Lady HD délivre un message fort : « Lookez-vous. Le monde de la nuit est un experimental playground. N’attendez pas que les choses se créent autour de vous: donnez-leur naissance. Take up space. »
Tous·tes expriment la même idée : GeneVegas a été conçu pour créer un espace d’existence sans concession.
Dernier acte : The Last GeneVegas on Earth
Le 28 novembre 2025, à la Comédie de Genève, se tiendra le dernier épisode de cette aventure. Thème de cette ultime nuit : Physique CUNTique — une plongée dans un univers d’aliens, de reptilien·ne·x·s, de biohacking et de créatures cyber-féministes.

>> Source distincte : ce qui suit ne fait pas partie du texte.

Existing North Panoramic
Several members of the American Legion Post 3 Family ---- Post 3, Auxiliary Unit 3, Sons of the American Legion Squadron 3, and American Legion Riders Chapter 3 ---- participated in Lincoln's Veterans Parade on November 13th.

La Zizanyx résume avec humour l’état d’esprit : « La fin du monde est supportable… si t’as de bons faux cils et des gens qui crient ton nom. » Tandis que Cristal Couilles prépare « un petit discours d’adieux pour mes dinosaures préférés ».
Un legs vivant
GeneVegas, ce sont des créatures indomptables, des survivant·e·x·s, des bâtisseur·euse·x·s de lieux inédits. Et même si les soirées ne suivent plus le même rythme, leur impact se poursuit.
Comme le conclut Balkanika Trauma : « Même si la soirée ne se déroule plus avec le même rythme, Genevegas continue d’exister à travers celleux qui ont commencé avec nous. »
Pour une dernière nuit, Genève vibrera comme au premier jour : indisciplinée, habitée par des corps qui n’ont jamais demandé la permission d’exister.
🎭 COUP DE GRRRÂCE – The Last GeneVegas on Earth
📅 Vendredi 28 novembre 2025 – de 20h à 02h
📍 La Comédie de Genève
🔗 @genevegas_gnvgas
Pour célébrer dix années de performances féroces et de création queer indomptée, Genevegas signe sa dernière nuit avec un line-up incandescent, réunissant les figures emblématiques qui ont façonné son histoire et inspiré toute une génération d’artistes.
Au programme : Moon, Chienne de Garde, Sabrina Oberlin, Cristal Couilles, Gigi Lou, Mutant Doll, Drue, Jaja Jadore, Balkanika Trauma, Luna La Nour, Hedera, BB Chance, ainsi que Lady HD, Dance Divine et La Zizanyx (DJx/live).